几段效率超低的文本文件读取及字符串拼接切分代码

这几天准备完善下 Base64 & UUE 编码文件生成工具,发现处理大文件时,特别慢,分析了一下发现是字符串拼接和切分代码效率太低,看如下代码:

Private Sub Command1_Click()
    Dim fL As Long, enfp As Integer, defp As Integer, enfn, defn
    Dim B() As Byte, tmpstr As String, outStr As String
    Dim timx As Single
    
    timx = Timer
    enfn = Text1.Text
    defn = Text2.Text
    enfp = FreeFile
    Open enfn For Binary As #enfp
        fL = LOF(enfp)
        ReDim B(fL - 1)
        Get #enfp, , B
    Close #enfp
    tmpstr = StrConv(B, vbUnicode)
    defp = FreeFile
    Open defn For Output As #defp
        Do While Len(tmpstr) > 60
            outStr = "M" & Mid(tmpstr, 1, 60)
            tmpstr = Mid(tmpstr, 61)   '这句导致效率变低 20220522
            Print #defp, outStr
            DoEvents
        Loop
        Print #defp, tmpstr
    Close #defp
    MsgBox "处理:" & fL & " 字节用时:" & Timer - timx & " 秒"
End Sub

编码结果得到的字符串,切分为固定长度时,这句:

tmpstr = Mid(tmpstr, 61)   '这句导致效率变低 20220522

本意是将切过剩下的字符串取出来,在字符串短的时候没什么影响,但是字符串长度增加后,其速度越来越慢,于是重新想了一个办法:

Private Sub Command2_Click()
    Dim fL As Long, enfp As Integer, defp As Integer, enfn, defn
    Dim B() As Byte, tmpstr As String, outStr As String
    Dim E
    Dim timx As Single
    
    timx = Timer
    enfn = Text1.Text
    defn = Text2.Text
    enfp = FreeFile
    Open enfn For Binary As #enfp
        fL = LOF(enfp)
        ReDim B(fL - 1)
        Get #enfp, , B
    Close #enfp
    tmpstr = StrConv(B, vbUnicode)
    defp = FreeFile
    E = 1
    Open defn For Output As #defp
        Do While (fL - E) > 60
            outStr = "M" & Mid(tmpstr, E, 60)
            Print #defp, outStr
            DoEvents
            E = E + 60
        Loop
        outStr = Mid(tmpstr, E, 60)
        Print #defp, outStr
    Close #defp
    MsgBox "处理:" & fL & " 字节用时:" & Format(Timer - timx, "0.000000") & " 秒"
End Sub

只从原字符串截取指定长度字符,不再变动原字符串,效率一下子提升了几百倍(字符串越长,提升效率越大)。

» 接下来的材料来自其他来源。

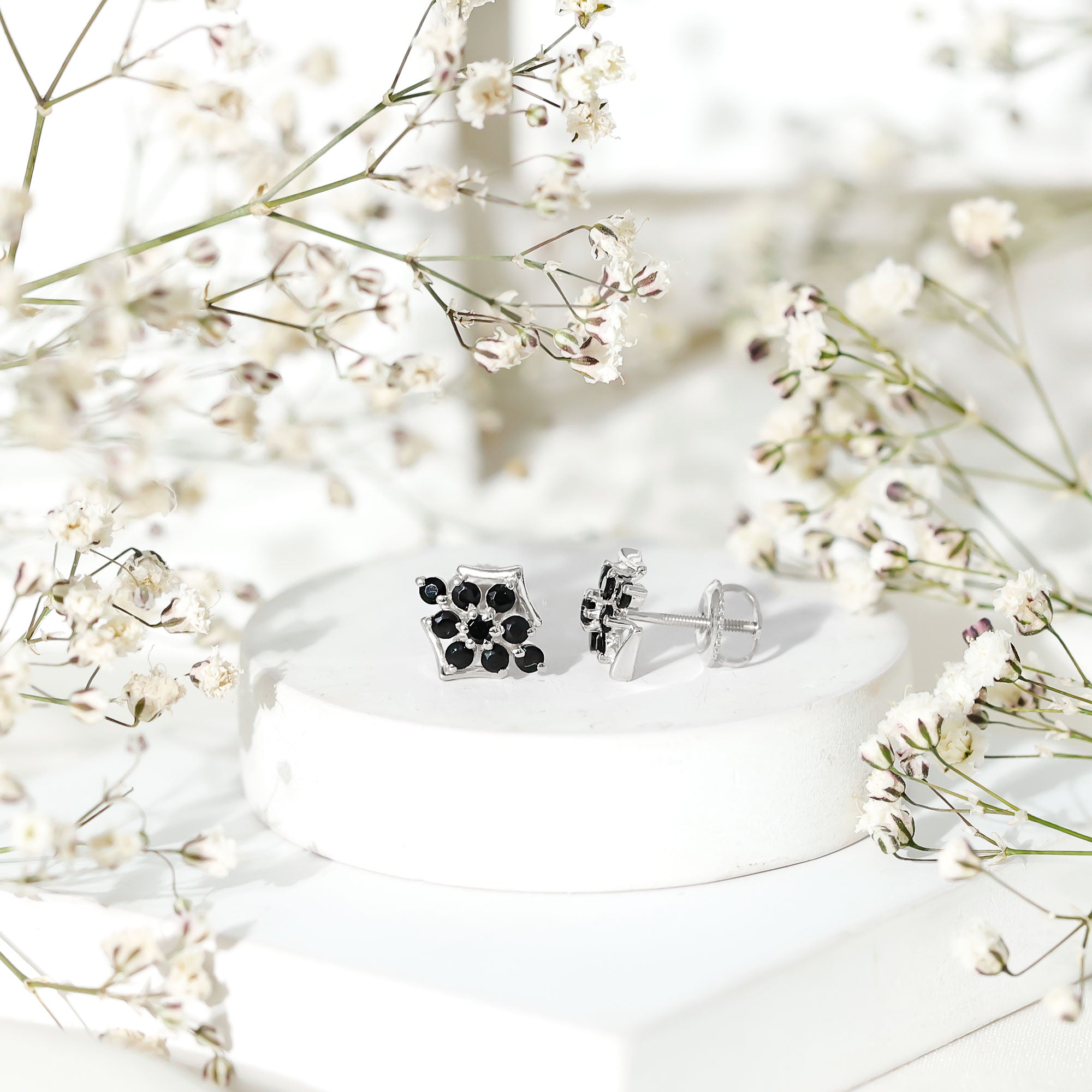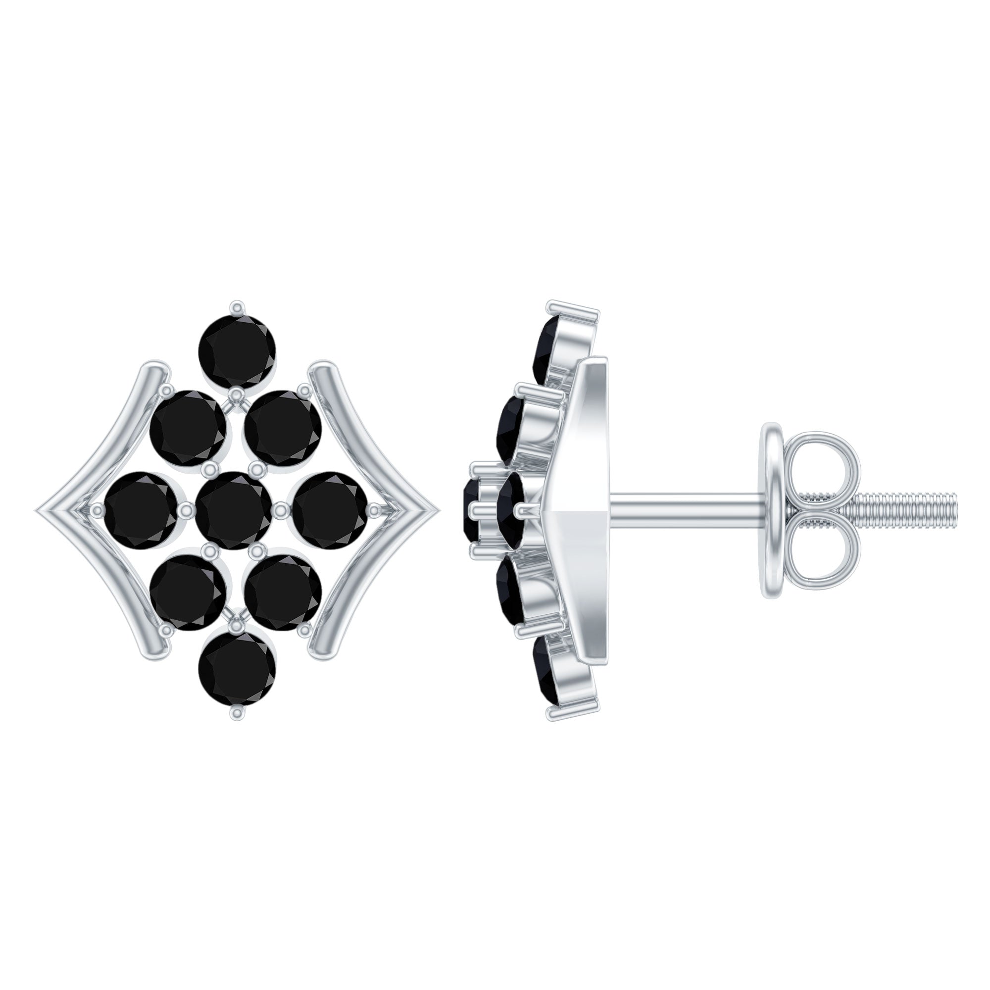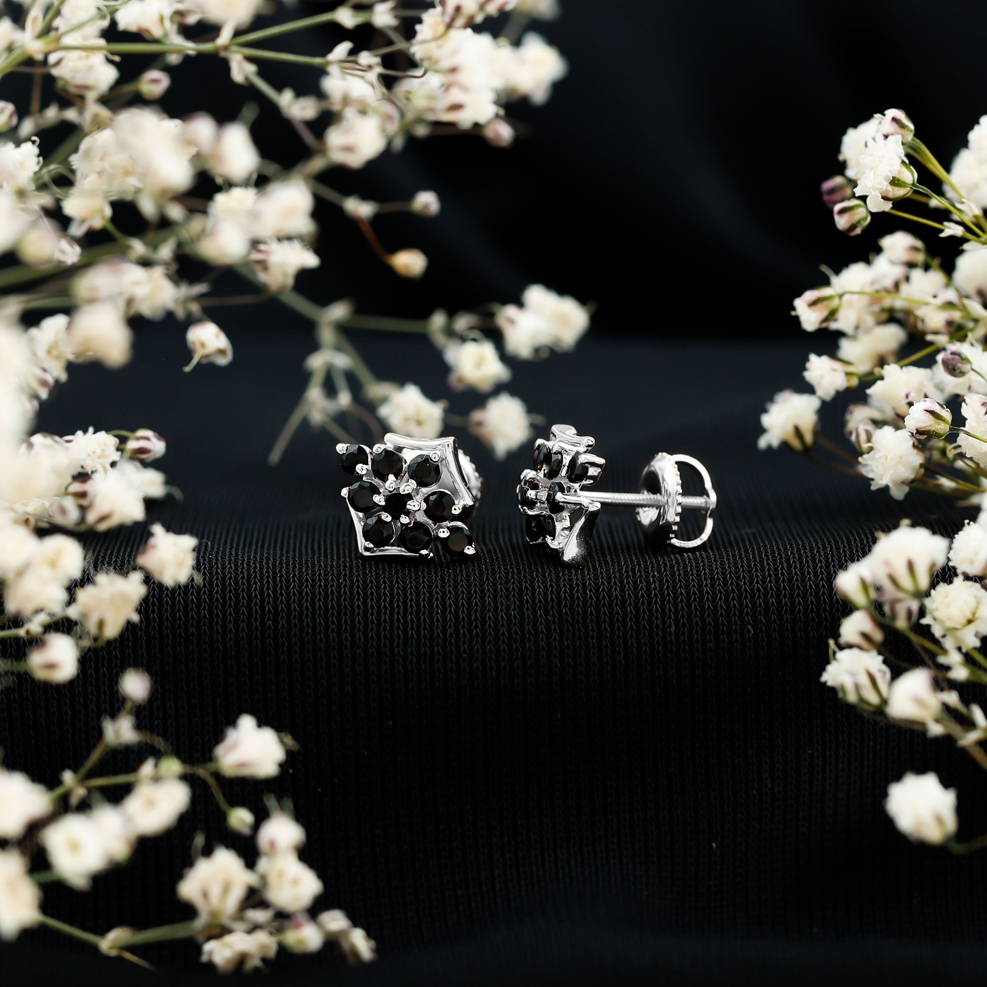 1/2 CT Black Onyx Cluster Stud Earrings
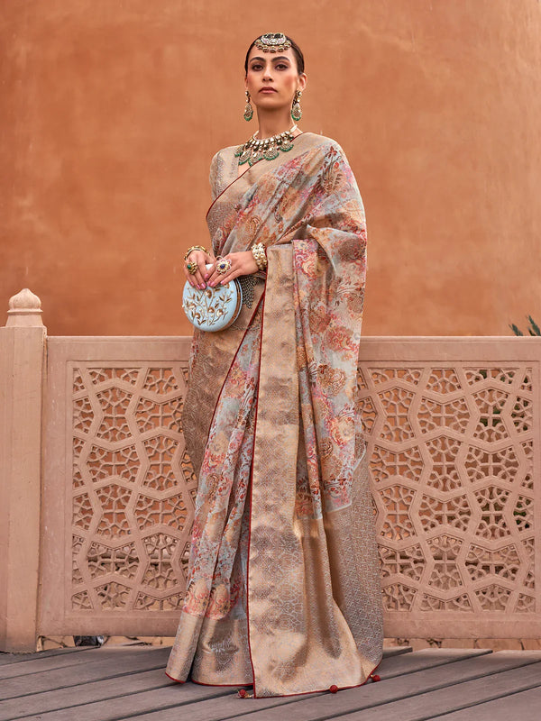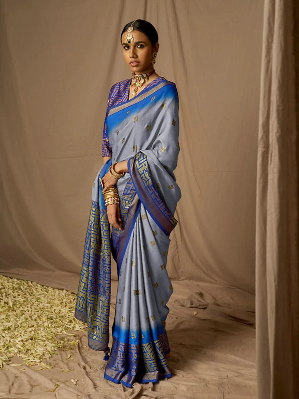 Sky Blue Crepe Silk Saree with Zari Weaving Work
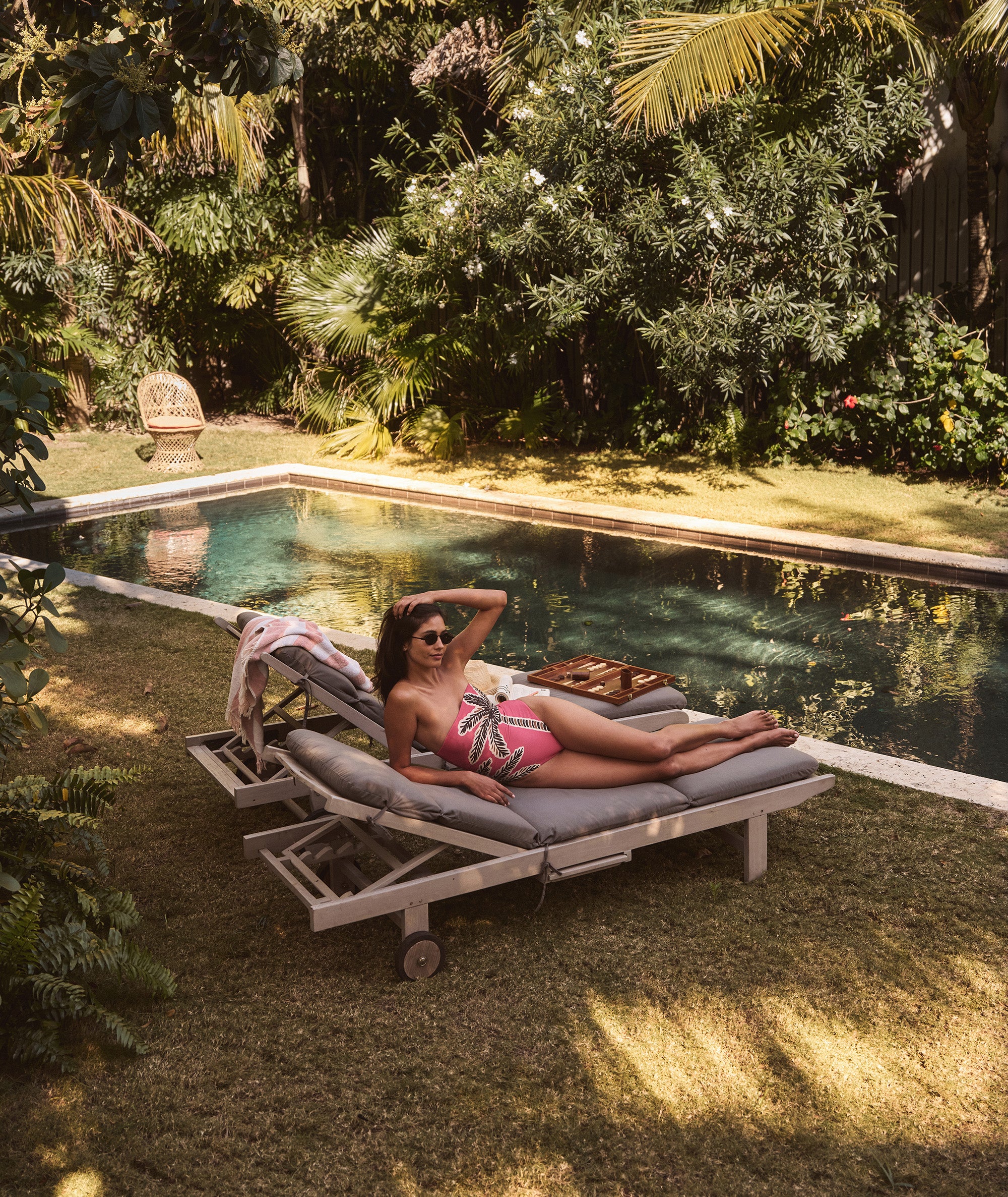A good strapless suit is hard to find, so we made our own with Andie Swim. Their technical fit expertise plus our bright colors and patterns? Summertime perfection. This suit features a high-cut, cheeky fit, and major decolletage tanning opportunities.

’================================================================

另外,对于整个文件读取来说,原先使用的是 :Line Input  

    Open defn For Input As #defp
        Do While Not EOF(defp)
            Line Input #defp, tmpstr
            EnStr = EnStr & tmpstr
        Loop
    Close #defp

同理其中 EnStr = EnStr & tmpstr 这句字符串拼接语句也导致了读取效率超低,于是想到了使用 Adodb.Stream 来一次读取整个文件,同样的,小文件时不明显,但是对于2Mb以上的文件来说,obj.readtext 这句效率居然超低,对于8.27 MB的文件需时可达7.32秒。

Private Sub Command3_Click()
    Dim str, stm, enfn, defn
    Dim timx As Single, tmpstr As String
    timx = Timer
    
    enfn = Text1.Text
    defn = Text2.Text
    
    Set stm = CreateObject("Adodb.Stream")
    stm.Type = 2 '1 bin,2 txt
    stm.Mode = 3
    stm.Open
    stm.Charset = "GB2312"
    stm.LoadFromFile enfn
    
        str = stm.readtext     '------ 低效 7.32秒

'        str = stm.Read          '--------高效 0.015秒

    stm.Close
    Set stm = Nothing
'    tmpstr = StrConv(str, vbUnicode)
    MsgBox "完成读取文件用时:" & Timer - timx & " 秒" '& Chr(str(0))
End Sub

于是改为 Obj.Read ,发现效率立马提升近500倍。

Private Sub Command3_Click()
    Dim str, stm, enfn, defn
    Dim timx As Single, tmpstr As String
    timx = Timer
    
    enfn = Text1.Text
    defn = Text2.Text
    
    Set stm = CreateObject("Adodb.Stream")
    stm.Type = 1 '1 bin,2 txt
    stm.Mode = 3
    stm.Open
'    stm.Charset = "GB2312"
    stm.LoadFromFile enfn
    
'         str = stm.readtext     '------ 低效 7.32秒

       str = stm.Read          '--------高效    0.015秒

    stm.Close
    Set stm = Nothing
    tmpstr = StrConv(str, vbUnicode)
    MsgBox "完成读取文件用时:" & Timer - timx & " 秒" '& Chr(str(0))
End Sub

可见还是因为字符串拼接导致效率变低,同时,与我前面直接用单子节数组读取完整文件的方法比较,Adodb.Stream  Obj.Read 的效率还是低了,用之前 8.27MB的文件,以下代码已经计算不出延时,几乎为 0 了。于是更换了一个 75.7 MB 的文件,Adodb.Stream  Obj.Read 用时:0.109秒,而以下代码用时:0.023秒,可见 open 语句读取整个文件的话,效率至少是 Adodb.Stream  Obj.Read 的 4 倍。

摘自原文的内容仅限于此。